Городок остался позади. Шли они как раз между полем и лесом. Шли и разговаривали вполголоса о том, что нынче и есть седьмая ночь, а значит сегодня они придут к заветной цели. Некоторые с коровьих морд повязки поснимали, и оттого время от времени тоскливо, но так по-человечески мычала какая-нибудь корова.
Луна, еще не полная, имевшая как бы только надрезанный краешек, забиралась на звездное небо, светила желтушным светом.
И кони ржали — отряд по поимке беглых сельских учителей замыкал шествие, и, видимо, поэтому непривыкшие к такой малой скорости, к отсутствию азарта погони, выражали кавалерийские кони свое неудовольствие.
Ангел пару раз отставал, разыскивая среди идущих сельскую учительницу Катю, чтобы забрать у нее тяжелую стопку книг и самому ее нести, но этой светловолосой девчушки нигде видно не было.
И вдруг загромыхало что-то, будто гром, и земля закачалась под ногами у ангела и остальных. Бабы заверещали. Малорослый горбун подпрыгнул к дереву и залез на нижнюю ветку, остальные рассыпались по земле: кто в поле побежал, кто в лес. И ничего понятно не было, только звучали частые глухие удары, и от них земля вздрагивала, словно каждый удар заставал ее в испуге.
Ангел тоже пробежал назад, все еще пытаясь разглядеть среди начавшейся суматохи учительницу Катю, но там его кто-то сбил с ног, а потом кто-то другой, и тоже ненарочно, а из-за испуга, на бегу наступил ангелу на ногу, и услышал ангел, как негромко хрустнула его косточка.

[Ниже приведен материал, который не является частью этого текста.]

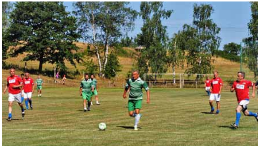
Momentka ze zápasu
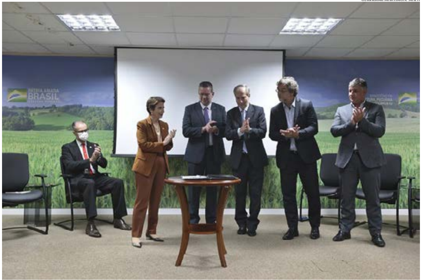
GUILHERME MARTIMON/ MAPA

gências da Anvisa e do Ibama, foi estabelecido na Portaria nº 410, publicada nesta quinta-feira (17). Conteúdos adicionais poderão ser ofertados para atender peculiaridades locais ou regionais, mas não constituirão impedimento ao registro de aplicador de agrotóxicos e afins previsto no Decreto nº 4.074, de 4 de janeiro de 2002. (Portal Ministério da Agricultura)
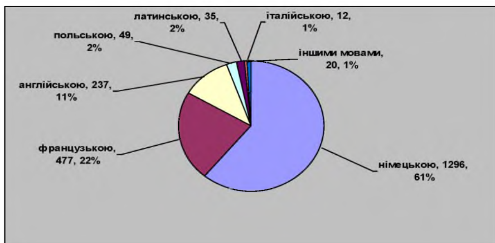
Діаграма 2. Мовний склад колекції

Проаналізувавши мовний склад колекції, виявлено що у ній зібрано документи, надруковані німецькою – 1296 (61%), французькою – 477 (22%), англійською – 237 (11%), польською – 49 (2%), латинською – 35 (2%), італійською – 12 (1%), іншими мовами – 20 (1%) (діаграма 2).
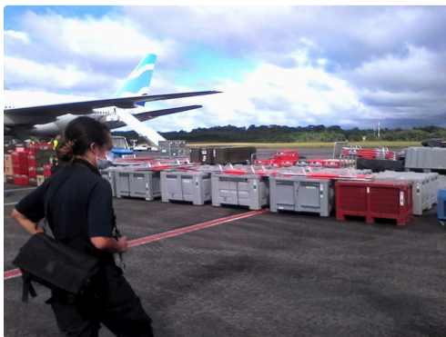
pompiers guyanne 3.jpg

Annick Girardin, la ministre des outre-mer, a annoncé mardi l'arrivée de renforts de la réserve sanitaire et de l'assistance publique des hôpitaux de Paris (AP-HP), de 15 respirateurs, de matériel de l'hôpital de campagne projetable de la sécurité civile française (Escrim) pour les patients non Covid, ainsi que la mise à disposition de dexaméthasone – traitement qui réduirait d'un tiers la mortalité chez les malades les plus gravement atteints.
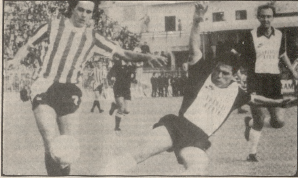
Φάση από τον πρώτο αγώνα του ΟΦΗ με τον Ολυμπιακό.
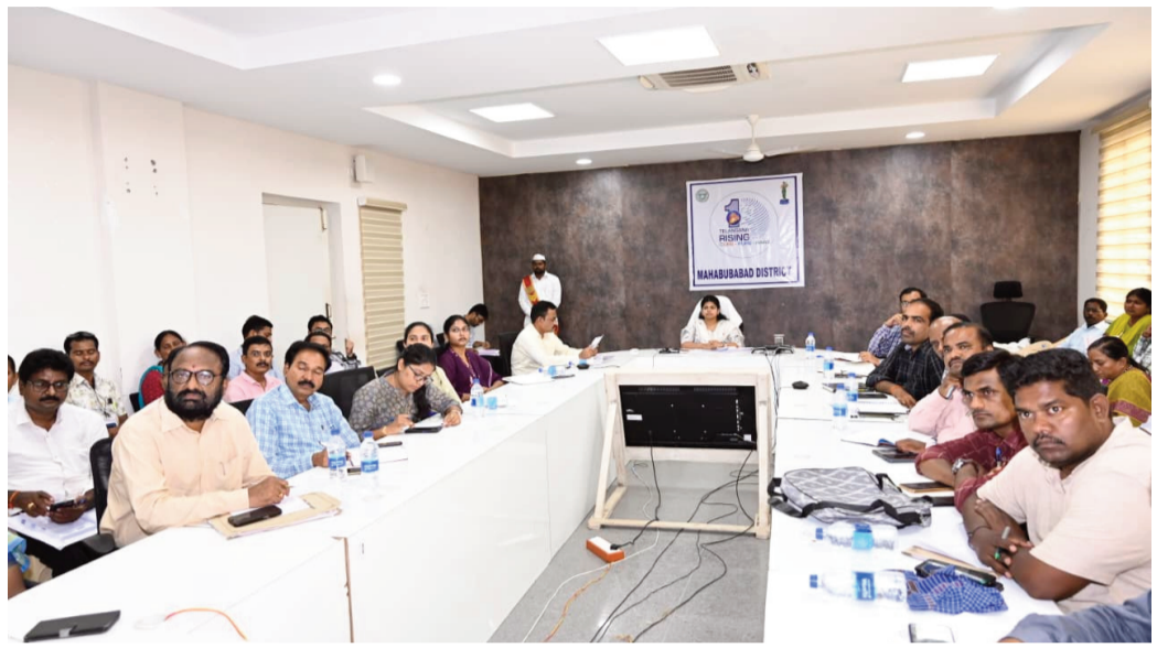
మహబూబాబాద్ మే20(ప్రభాత గమనం):
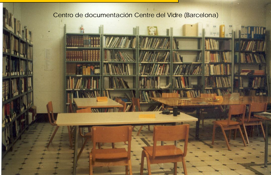
Centro de documentación Centre del Vidre (Barcelona)
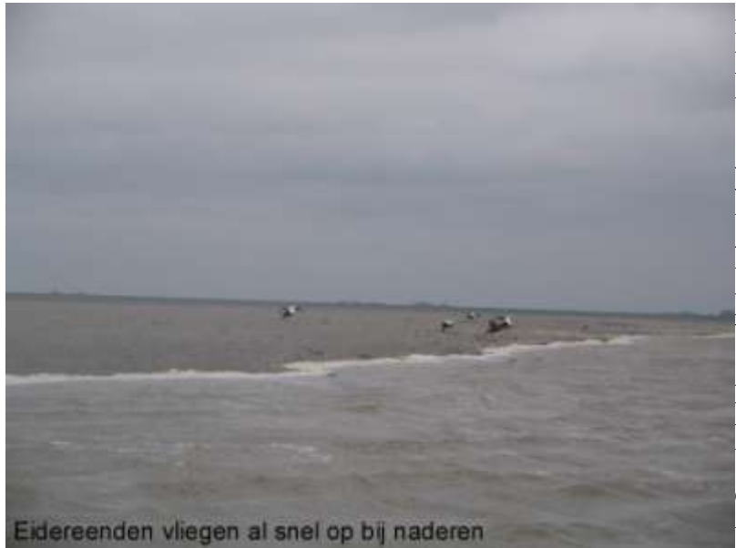
Eidereenden vliegen al snel op bij naderen

Bescherming: Omdat de jongen van de grijze zeehond op de plaat blijven is de kans dat moeder en jong elkaar kwijt raken veel kleiner dan bij de gewone zeehond. Bovendien worden de jongen in de winterperiode geboren, waardoor de kans op verstoring sowieso kleiner is. Maar verder geldt ook voor de grijze zeehond dat een verstoring tijdens het zogen verlies van een zoogbeurt betekent.
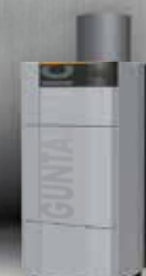
BIOSTAR Extrem sparsame und langlebige Pellettheizung
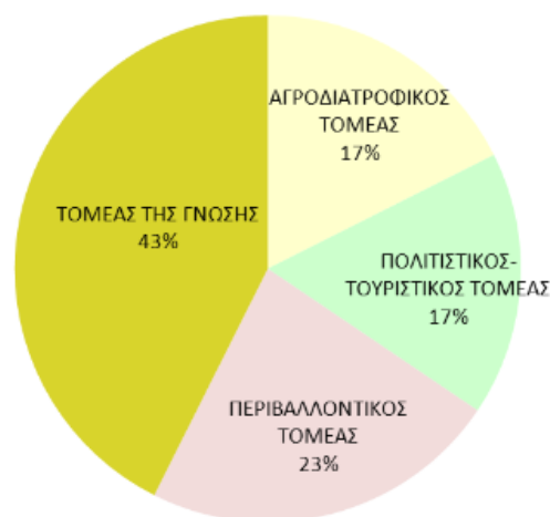
Διάγραμμα 5.2 "Κατανομή του προϋπολογισμού ανά Τομέα –Σύμπλεγμα προτεραιότητας"
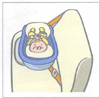
● 横向き取り付けタイプ

А грохот продолжался, и совсем радом пронеслась молча обезумевшая корова.
Захотел ангел привстать, но боль в ноге держала его на земле, и снова он лег на спину.
Грохот все еще продолжался, но через некоторое время все стихло и наступила такая тишина, что стало ангелу страшно — ведь знал он, что тут где-то рядом сотни людей, кони, коровы, и даже не верилось, что все это живое скопление может так затаиться от испуга.
Боль в ноге, казалось, поутихла. Ангел попробовал согнуть ногу, и это ему удалось. Только между коленом и щиколоткой сильно болело.
Привстал и, хромая, стараясь как можно быстрее переступать с правой на левую ногу, вернулся он на дорогу и осмотрелся по сторонам.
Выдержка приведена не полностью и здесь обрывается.